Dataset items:
=====

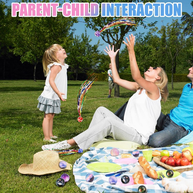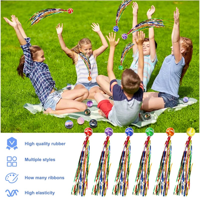 - Colourful jumping ball with ribbons: the bouncy ball is decorated with 25 cm long, colourful streamers that look like bright tails. Coloured ribbons not only add a cheerful touch to the balls, but also allow for easy grip and throw.
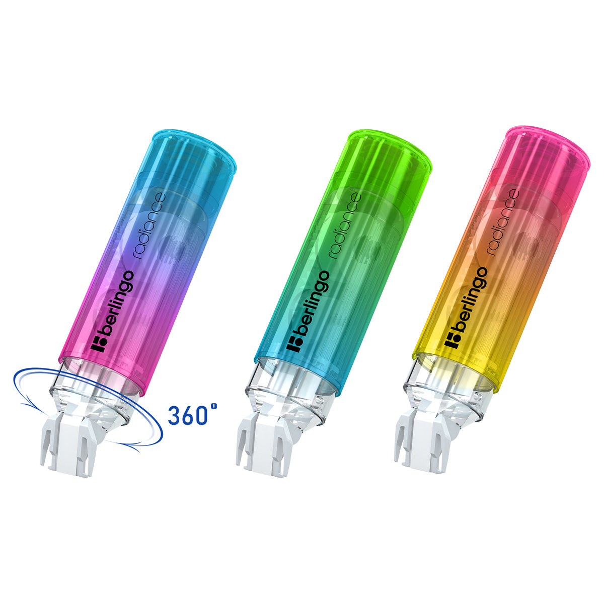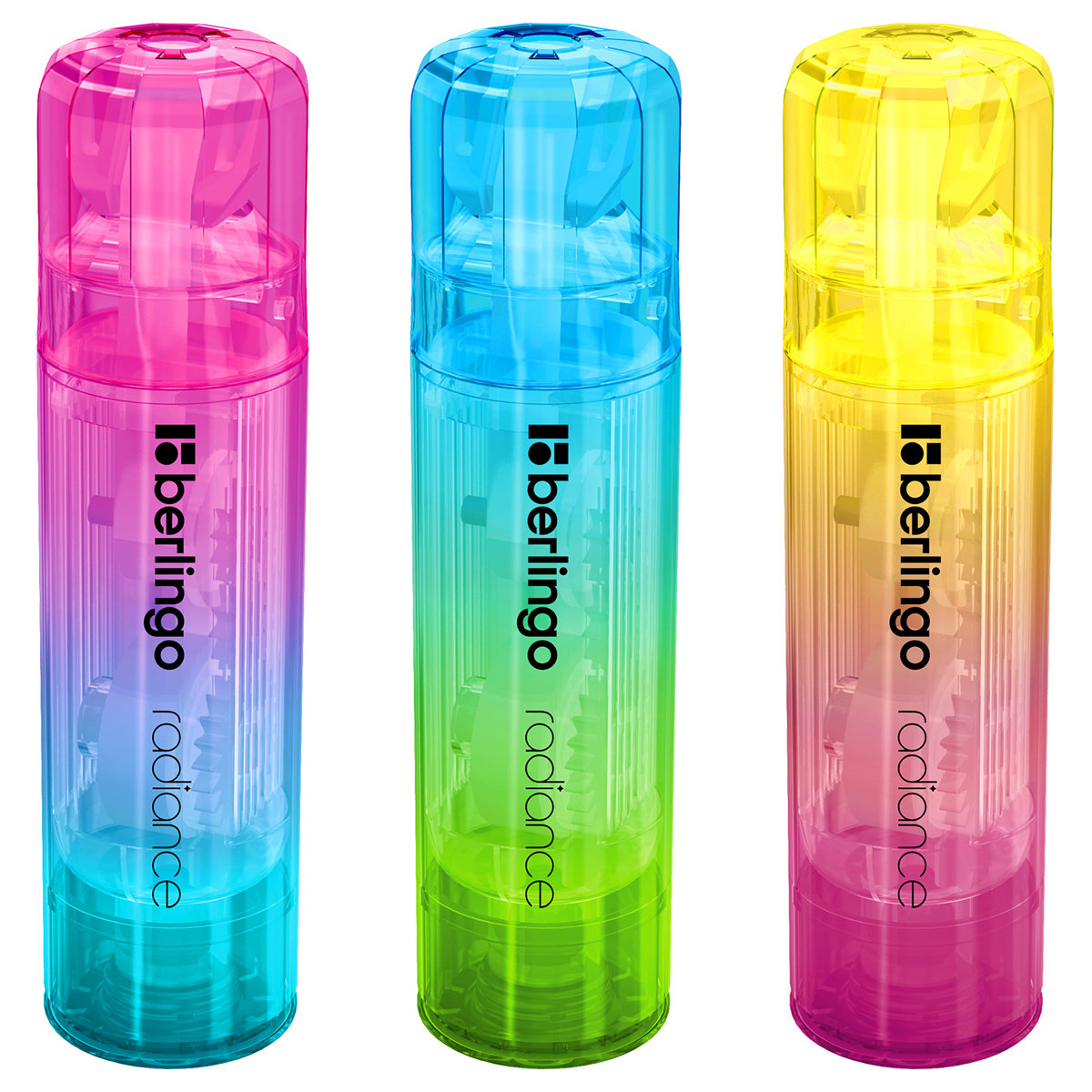 Корректирующая лента "Radiance". Дизайн корпуса выполнен в ярких сочетаниях цветов ассорти в стиле градиент. Подходит для исправления машинописного или рукописного текста. Плотное и точное покрытие, не требует времени на высыхание. Имеет подвижный наконечник, благодаря которому лента может использоваться под любым углом. Стабилизатор позволяет добиться ровной линии.
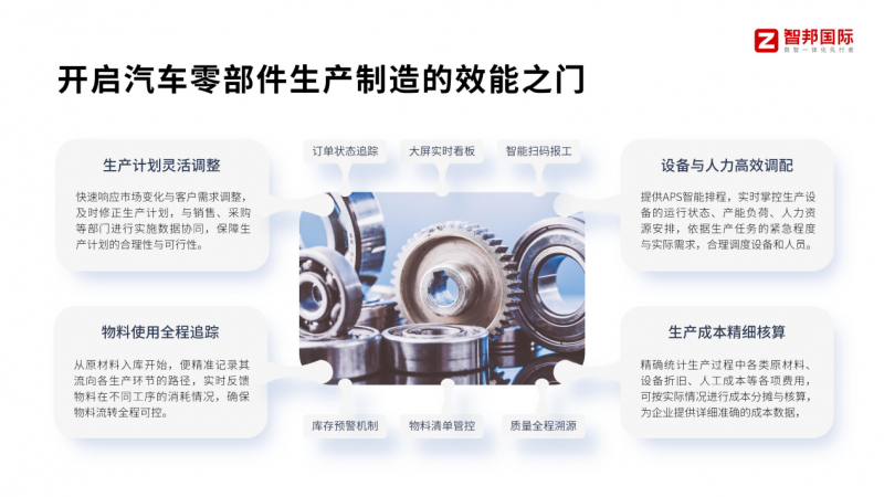 智邦国际一体化ERP通过全链路数智化赋能,帮助汽车零部件企业实现管理效率、成本管控、合规风险、决策能力、组织能力的全方位升级,推动数智化价值落地。在管理效率提升方面,通过数据一体化与流程自动化,消除人工重复工作,提升全业务链协同效率,大幅缩短生产排程、采购计划编制、财务核算的时间,降低管理人力成本,彻底解决流程割裂问题,提升生产、采购、供应链等环节响应速度,缩短紧急订单交付周期,提高客户满意度。
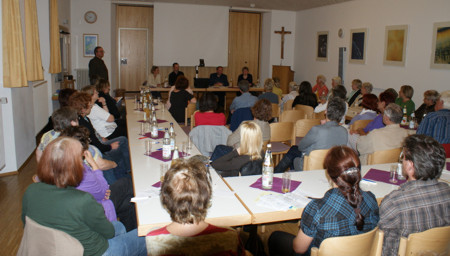 Claudia Kaufmann und Christoph Zastrow arbeiten als Sozialarbeiter beim Sozialpsychiatrischen Dienst der Diakonie im nördlichen Enzkreis. Sie berichteten von den Erfahrungen ihrer Arbeit mit psychisch Kranken. Ziel der Sozialdienste ist die kostenlose, flächendeckende Beratung und Unterstützung Betroffener und ihrer Angehörigen. Sie begleiten die Menschen und helfen, die Erfordernisse des Alltags zu bewältigen, bieten Gespräche an, wirken einer Vereinsamung entgegen, machen Mut zum Leben, entlasten die Angehörigen und ermöglichen ihnen den Austausch mit anderen Angehörigen. Ziel ihrer Bemühungen ist, dass die Betroffenen lernen, ein selbständiges Leben - mit Unterstützung - zu führen.
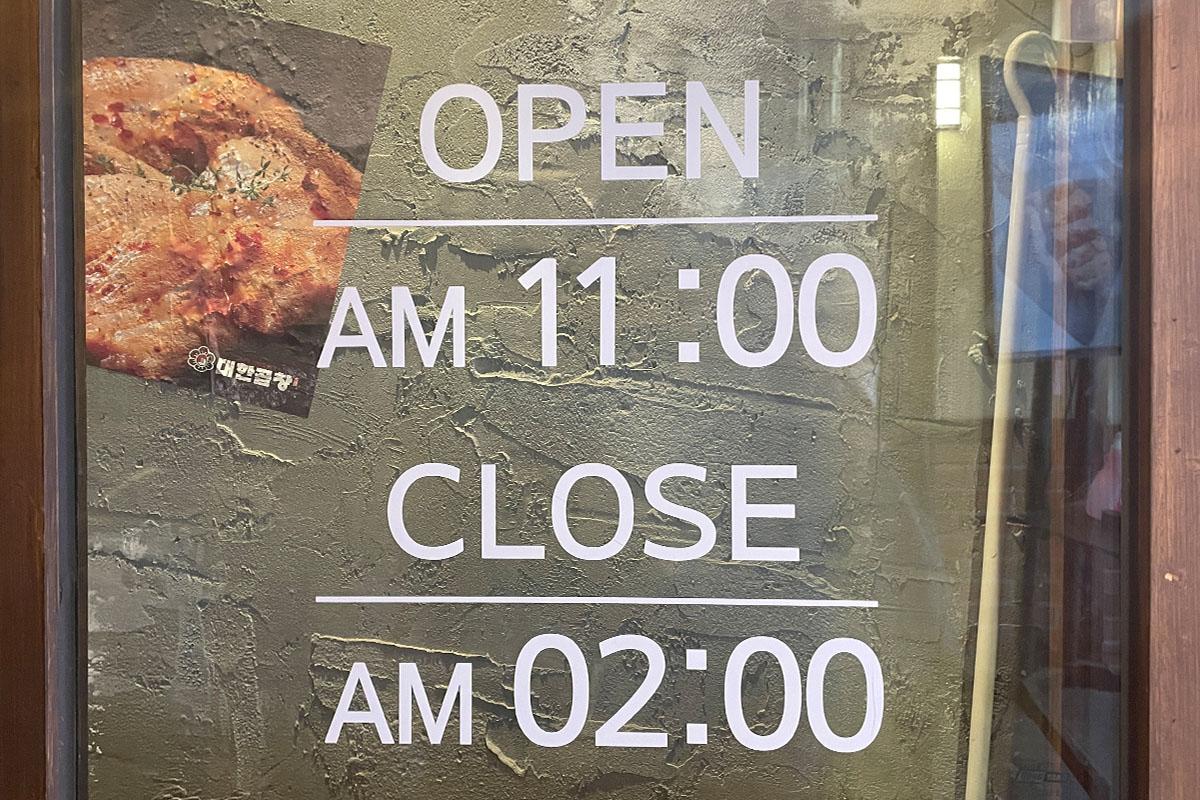 The restaurant runs from 11:00 AM to 2:00 AM, so you can enjoy gopchang at pretty much any time of the day!
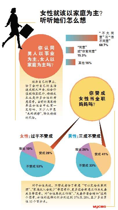廣州社情民意研究中心的調查顯示,對女性當“全職媽媽”,男性與女性的看法存在明顯分歧。女性表示“不贊成”的比例高達53%,“贊成”的不到30%;而男性卻以“贊成”者居多,為41%,明顯高于“不贊成”的33%。
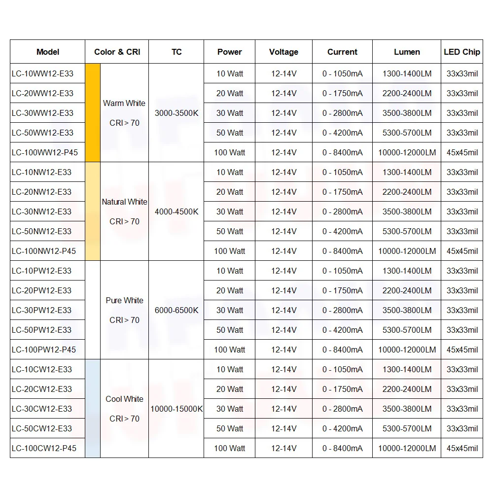 ( Постоянный ток светодиодный трансформаторы подготовлены для использования с рекомендуется для Высокая мощность COB светодиодный чип )
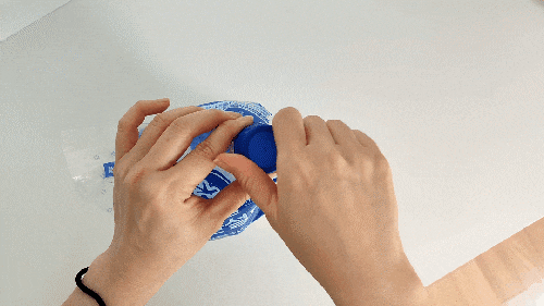 입구 부분을 설탕 비닐로 감싼 다음 OOO을 활용해 단단하게 고정해 줍니다. 비닐 부분을 잡아 밖으로 한번 접어 주면 페트병 입구와 분리되지 않고 더 단단히 고정할 수 있어요.
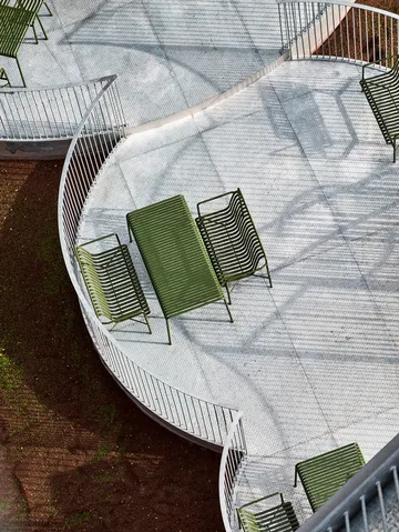 Palissade Dining παγκάκι με μπράτσα από HAY είναι μέρος της μοναδικής συλλογής Palissade, σχεδιασμένης από τους Ronan και Erwan Bouroullec. Έχει δημιουργηθεί για να εναρμονίζεται με μια ποικιλία εξωτερικών χώρων. Αυτό το παγκάκι συνδυάζει ανθεκτικότητα και κομψότητα, καθιστώντας το εξαιρετική επιλογή για κήπους και βεράντες.
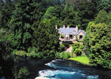 The en suite rooms all have super-king size beds, comfortable chairs for lounging and the romance of a fireplace in your bedroom. Two of the guest suites face the river while the other two enjoy a beautiful private courtyard garden aspect. These gardens also feature one of the magnificent outdoor fireplaces that can be found tucked away within the environs of Huka Lodge.
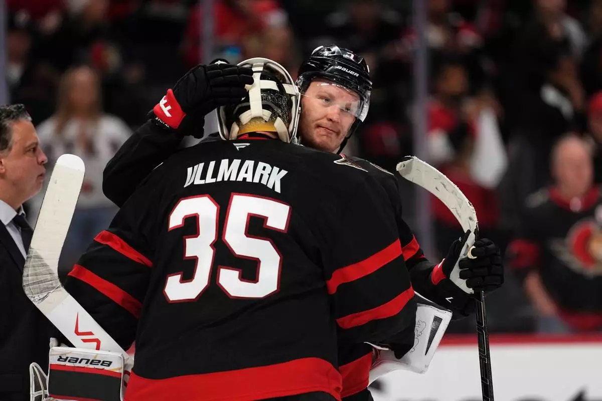 Ottawa Senators' Brady Tkachuk (7) embraces goaltender Linus Ullmark (35) after their team was eliminated by the Carolina Hurricanes after losing in Game 4 of a first-round NHL Stanley Cup playoff hockey series, Saturday, April 25, 2026, in Ottawa, Ontario. (Justin Tang/The Canadian Press via AP)

=====

> Goal of the exercise
Would you write out all of the records exactly, omitting the pictures?

> Output for this exercise
 - Colourful jumping ball with ribbons: the bouncy ball is decorated with 25 cm long, colourful streamers that look like bright tails. Coloured ribbons not only add a cheerful touch to the balls, but also allow for easy grip and throw.
 Корректирующая лента "Radiance". Дизайн корпуса выполнен в ярких сочетаниях цветов ассорти в стиле градиент. Подходит для исправления машинописного или рукописного текста. Плотное и точное покрытие, не требует времени на высыхание. Имеет подвижный наконечник, благодаря которому лента может использоваться под любым углом. Стабилизатор позволяет добиться ровной линии.
 智邦国际一体化ERP通过全链路数智化赋能,帮助汽车零部件企业实现管理效率、成本管控、合规风险、决策能力、组织能力的全方位升级,推动数智化价值落地。在管理效率提升方面,通过数据一体化与流程自动化,消除人工重复工作,提升全业务链协同效率,大幅缩短生产排程、采购计划编制、财务核算的时间,降低管理人力成本,彻底解决流程割裂问题,提升生产、采购、供应链等环节响应速度,缩短紧急订单交付周期,提高客户满意度。
 Claudia Kaufmann und Christoph Zastrow arbeiten als Sozialarbeiter beim Sozialpsychiatrischen Dienst der Diakonie im nördlichen Enzkreis. Sie berichteten von den Erfahrungen ihrer Arbeit mit psychisch Kranken. Ziel der Sozialdienste ist die kostenlose, flächendeckende Beratung und Unterstützung Betroffener und ihrer Angehörigen. Sie begleiten die Menschen und helfen, die Erfordernisse des Alltags zu bewältigen, bieten Gespräche an, wirken einer Vereinsamung entgegen, machen Mut zum Leben, entlasten die Angehörigen und ermöglichen ihnen den Austausch mit anderen Angehörigen. Ziel ihrer Bemühungen ist, dass die Betroffenen lernen, ein selbständiges Leben - mit Unterstützung - zu führen.
 The restaurant runs from 11:00 AM to 2:00 AM, so you can enjoy gopchang at pretty much any time of the day!
廣州社情民意研究中心的調查顯示,對女性當“全職媽媽”,男性與女性的看法存在明顯分歧。女性表示“不贊成”的比例高達53%,“贊成”的不到30%;而男性卻以“贊成”者居多,為41%,明顯高于“不贊成”的33%。
 ( Постоянный ток светодиодный трансформаторы подготовлены для использования с рекомендуется для Высокая мощность COB светодиодный чип )
 입구 부분을 설탕 비닐로 감싼 다음 OOO을 활용해 단단하게 고정해 줍니다. 비닐 부분을 잡아 밖으로 한번 접어 주면 페트병 입구와 분리되지 않고 더 단단히 고정할 수 있어요.
 Palissade Dining παγκάκι με μπράτσα από HAY είναι μέρος της μοναδικής συλλογής Palissade, σχεδιασμένης από τους Ronan και Erwan Bouroullec. Έχει δημιουργηθεί για να εναρμονίζεται με μια ποικιλία εξωτερικών χώρων. Αυτό το παγκάκι συνδυάζει ανθεκτικότητα και κομψότητα, καθιστώντας το εξαιρετική επιλογή για κήπους και βεράντες.
 The en suite rooms all have super-king size beds, comfortable chairs for lounging and the romance of a fireplace in your bedroom. Two of the guest suites face the river while the other two enjoy a beautiful private courtyard garden aspect. These gardens also feature one of the magnificent outdoor fireplaces that can be found tucked away within the environs of Huka Lodge.
 Ottawa Senators' Brady Tkachuk (7) embraces goaltender Linus Ullmark (35) after their team was eliminated by the Carolina Hurricanes after losing in Game 4 of a first-round NHL Stanley Cup playoff hockey series, Saturday, April 25, 2026, in Ottawa, Ontario. (Justin Tang/The Canadian Press via AP)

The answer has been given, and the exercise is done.